Yesterday, I was overwhelmed by my thoughts…thoughts of so many loved ones and friends experiencing difficult times. And I desperately want to help them…I want to make it better…I want to comfort and bless them. So many…who lost loved ones, adjusting to losing their Moma, their father, their husband, their wife, their child, their beloved pet, their friend…and the ones who have family members who can’t be home for Christmas, our service men and women…the friends and family who have marital issues and are no longer together, the children who suffer because of it…those adjusting to a new way of life…those who are lonely and feel there is no one who cares…those who struggle financially, who find Christmas time a burden…those who are caring for a terminally ill loved one…and so on.
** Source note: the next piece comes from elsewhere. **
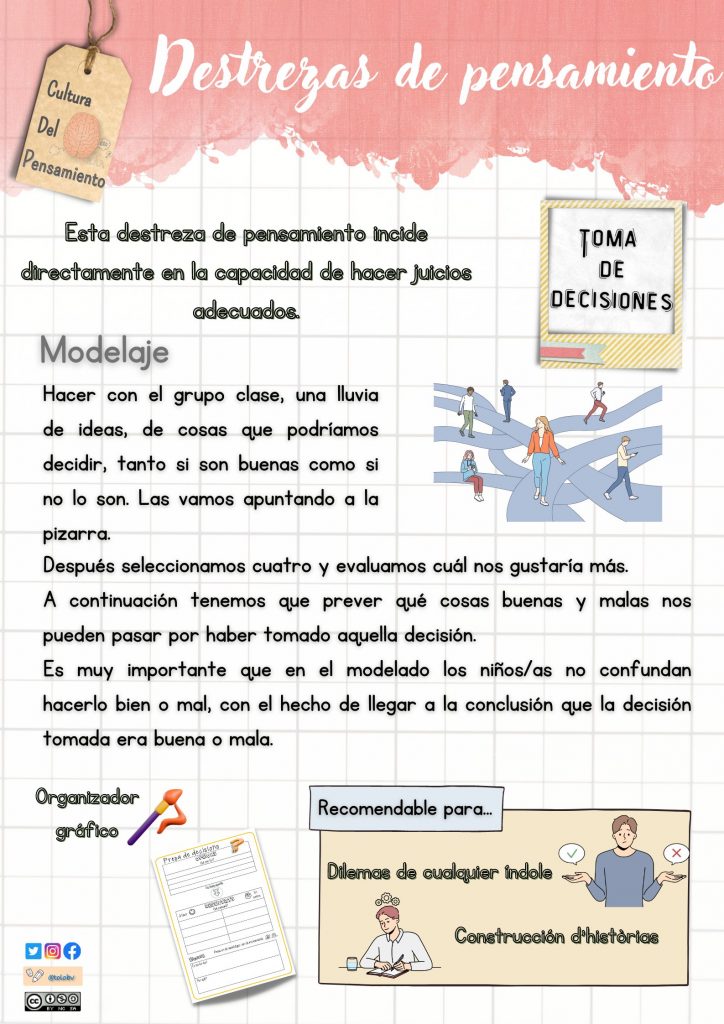 La destreza de pensamiento de toma de decisiones permite que el alumnado piense de forma crítica, valore criterios y elija con sentido. Es una excelente manera de hacer visible el pensamiento, generar diálogo y fomentar la autonomía. Al aplicarla de forma sistemática, ayudamos a nuestros estudiantes a ser más reflexivos, responsables y conscientes de sus elecciones tanto dentro como fuera del aula..

I am a giver by nature. I want to make bad things good…I want to help in any way I can. Yesterday, I was overwhelmed by the thoughts of the people I love that are hurting and in need. And I asked God in a furious fashion…what can I do? I cannot fix these things!
Suddenly, I was given a thought... “Tis the season.”
Then…” For unto us a child is born, unto us a son is given, and his name shall be called Wonderful, Counselor, Almighty God, the Everlasting Father, the Peace of Peace.”
Lastly, “I sent a comforter.”
And I was reminded, I am not the one. He sent the “One” who can comfort, counsel, and provide…and we chose to celebrate his birthday at this time.
Relax, Donna…they are in good hands.